_Description of the task_:
The expected output is the line bearing "アエオニウム pinkgrow どんな風に" followed by all remaining lines of the records, each restated word for word.

[Recorded data]
========

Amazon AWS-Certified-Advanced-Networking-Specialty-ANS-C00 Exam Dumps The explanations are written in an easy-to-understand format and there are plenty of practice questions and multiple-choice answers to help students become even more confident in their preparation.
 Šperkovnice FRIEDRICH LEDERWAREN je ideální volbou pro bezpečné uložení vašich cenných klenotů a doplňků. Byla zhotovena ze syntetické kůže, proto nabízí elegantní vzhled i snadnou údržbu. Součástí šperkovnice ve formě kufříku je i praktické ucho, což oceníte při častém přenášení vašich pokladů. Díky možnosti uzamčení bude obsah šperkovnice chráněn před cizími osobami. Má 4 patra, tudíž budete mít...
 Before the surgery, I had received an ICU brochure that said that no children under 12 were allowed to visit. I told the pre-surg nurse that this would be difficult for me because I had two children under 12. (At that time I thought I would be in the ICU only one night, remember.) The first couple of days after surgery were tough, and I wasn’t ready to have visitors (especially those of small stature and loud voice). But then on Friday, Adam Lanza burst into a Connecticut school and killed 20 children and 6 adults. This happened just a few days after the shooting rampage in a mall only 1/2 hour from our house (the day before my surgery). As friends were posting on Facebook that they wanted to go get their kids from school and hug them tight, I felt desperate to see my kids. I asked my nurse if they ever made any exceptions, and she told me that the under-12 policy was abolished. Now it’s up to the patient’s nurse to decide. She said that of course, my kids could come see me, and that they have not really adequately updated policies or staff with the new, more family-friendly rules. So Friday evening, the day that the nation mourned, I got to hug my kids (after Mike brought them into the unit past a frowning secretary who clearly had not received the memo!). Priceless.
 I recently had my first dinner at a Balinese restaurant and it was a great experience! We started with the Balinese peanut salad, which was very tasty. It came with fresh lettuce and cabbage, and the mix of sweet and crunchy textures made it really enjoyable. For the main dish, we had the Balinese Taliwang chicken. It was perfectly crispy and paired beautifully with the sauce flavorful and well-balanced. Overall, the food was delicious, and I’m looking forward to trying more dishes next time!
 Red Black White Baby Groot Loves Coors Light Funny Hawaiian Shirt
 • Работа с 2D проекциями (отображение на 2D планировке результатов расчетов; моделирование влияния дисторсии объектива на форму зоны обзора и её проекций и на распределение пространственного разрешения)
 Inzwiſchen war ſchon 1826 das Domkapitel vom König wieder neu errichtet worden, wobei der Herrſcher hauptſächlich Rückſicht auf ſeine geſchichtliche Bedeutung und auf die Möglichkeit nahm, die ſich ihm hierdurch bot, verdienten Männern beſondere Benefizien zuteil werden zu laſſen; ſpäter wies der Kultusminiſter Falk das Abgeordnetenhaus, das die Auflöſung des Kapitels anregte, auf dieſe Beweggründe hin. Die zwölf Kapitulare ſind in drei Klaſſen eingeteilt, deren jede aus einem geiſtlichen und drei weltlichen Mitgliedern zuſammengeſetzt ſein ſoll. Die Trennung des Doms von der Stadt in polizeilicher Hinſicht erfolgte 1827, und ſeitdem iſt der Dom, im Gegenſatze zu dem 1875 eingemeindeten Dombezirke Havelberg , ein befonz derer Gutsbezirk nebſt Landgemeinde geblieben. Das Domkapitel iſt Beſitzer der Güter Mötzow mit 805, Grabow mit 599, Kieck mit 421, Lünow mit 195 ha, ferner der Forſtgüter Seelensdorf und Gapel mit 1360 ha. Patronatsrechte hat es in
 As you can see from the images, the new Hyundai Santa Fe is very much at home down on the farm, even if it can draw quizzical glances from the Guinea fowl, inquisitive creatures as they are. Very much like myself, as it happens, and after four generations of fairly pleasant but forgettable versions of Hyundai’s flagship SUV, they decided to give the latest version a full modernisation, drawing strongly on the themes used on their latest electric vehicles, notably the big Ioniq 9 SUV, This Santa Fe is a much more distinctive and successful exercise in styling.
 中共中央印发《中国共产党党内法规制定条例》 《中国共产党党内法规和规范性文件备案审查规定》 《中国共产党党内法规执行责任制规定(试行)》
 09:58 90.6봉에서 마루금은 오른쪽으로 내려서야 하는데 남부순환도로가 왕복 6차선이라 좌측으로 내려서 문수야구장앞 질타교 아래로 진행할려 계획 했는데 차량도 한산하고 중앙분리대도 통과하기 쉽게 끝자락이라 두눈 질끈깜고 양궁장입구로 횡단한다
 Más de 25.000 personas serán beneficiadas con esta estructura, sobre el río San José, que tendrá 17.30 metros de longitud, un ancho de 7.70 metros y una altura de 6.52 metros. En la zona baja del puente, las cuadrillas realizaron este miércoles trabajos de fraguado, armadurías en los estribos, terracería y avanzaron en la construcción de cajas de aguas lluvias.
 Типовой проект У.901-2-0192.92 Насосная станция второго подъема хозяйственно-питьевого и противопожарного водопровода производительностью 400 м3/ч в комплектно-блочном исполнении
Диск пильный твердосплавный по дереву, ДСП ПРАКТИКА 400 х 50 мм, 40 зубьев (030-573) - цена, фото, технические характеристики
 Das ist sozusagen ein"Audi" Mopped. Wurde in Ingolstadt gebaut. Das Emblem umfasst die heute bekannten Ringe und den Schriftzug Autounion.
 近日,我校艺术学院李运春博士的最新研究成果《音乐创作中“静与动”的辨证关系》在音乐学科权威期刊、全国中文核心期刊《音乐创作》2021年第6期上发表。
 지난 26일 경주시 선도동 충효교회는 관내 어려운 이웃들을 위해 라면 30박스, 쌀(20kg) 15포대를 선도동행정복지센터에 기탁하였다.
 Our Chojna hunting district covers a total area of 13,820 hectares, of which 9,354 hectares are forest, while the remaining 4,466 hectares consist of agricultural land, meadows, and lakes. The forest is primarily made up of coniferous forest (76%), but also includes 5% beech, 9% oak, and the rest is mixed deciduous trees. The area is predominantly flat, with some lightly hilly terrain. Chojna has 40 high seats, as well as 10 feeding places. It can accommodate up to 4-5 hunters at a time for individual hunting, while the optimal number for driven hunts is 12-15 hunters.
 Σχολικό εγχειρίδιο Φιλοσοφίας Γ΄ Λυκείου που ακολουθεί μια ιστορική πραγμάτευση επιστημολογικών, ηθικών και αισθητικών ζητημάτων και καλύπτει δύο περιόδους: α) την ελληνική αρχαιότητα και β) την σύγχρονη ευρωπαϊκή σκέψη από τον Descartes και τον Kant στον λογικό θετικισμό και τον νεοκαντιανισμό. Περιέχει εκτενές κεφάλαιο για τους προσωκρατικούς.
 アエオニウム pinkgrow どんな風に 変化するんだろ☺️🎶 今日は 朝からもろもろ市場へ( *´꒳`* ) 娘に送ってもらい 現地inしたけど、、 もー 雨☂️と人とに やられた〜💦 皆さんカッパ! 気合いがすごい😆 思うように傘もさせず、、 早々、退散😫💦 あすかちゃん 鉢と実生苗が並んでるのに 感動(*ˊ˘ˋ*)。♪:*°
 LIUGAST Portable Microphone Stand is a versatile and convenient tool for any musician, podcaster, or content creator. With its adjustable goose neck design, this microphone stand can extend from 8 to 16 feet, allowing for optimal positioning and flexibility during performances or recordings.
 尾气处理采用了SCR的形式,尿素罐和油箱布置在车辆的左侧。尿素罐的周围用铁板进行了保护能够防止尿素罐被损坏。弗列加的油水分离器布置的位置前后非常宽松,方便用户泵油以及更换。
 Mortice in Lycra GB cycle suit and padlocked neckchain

========

_Response area_:
 アエオニウム pinkgrow どんな風に 変化するんだろ☺️🎶 今日は 朝からもろもろ市場へ( *´꒳`* ) 娘に送ってもらい 現地inしたけど、、 もー 雨☂️と人とに やられた〜💦 皆さんカッパ! 気合いがすごい😆 思うように傘もさせず、、 早々、退散😫💦 あすかちゃん 鉢と実生苗が並んでるのに 感動(*ˊ˘ˋ*)。♪:*°
 LIUGAST Portable Microphone Stand is a versatile and convenient tool for any musician, podcaster, or content creator. With its adjustable goose neck design, this microphone stand can extend from 8 to 16 feet, allowing for optimal positioning and flexibility during performances or recordings.
 尾气处理采用了SCR的形式,尿素罐和油箱布置在车辆的左侧。尿素罐的周围用铁板进行了保护能够防止尿素罐被损坏。弗列加的油水分离器布置的位置前后非常宽松,方便用户泵油以及更换。
 Mortice in Lycra GB cycle suit and padlocked neckchain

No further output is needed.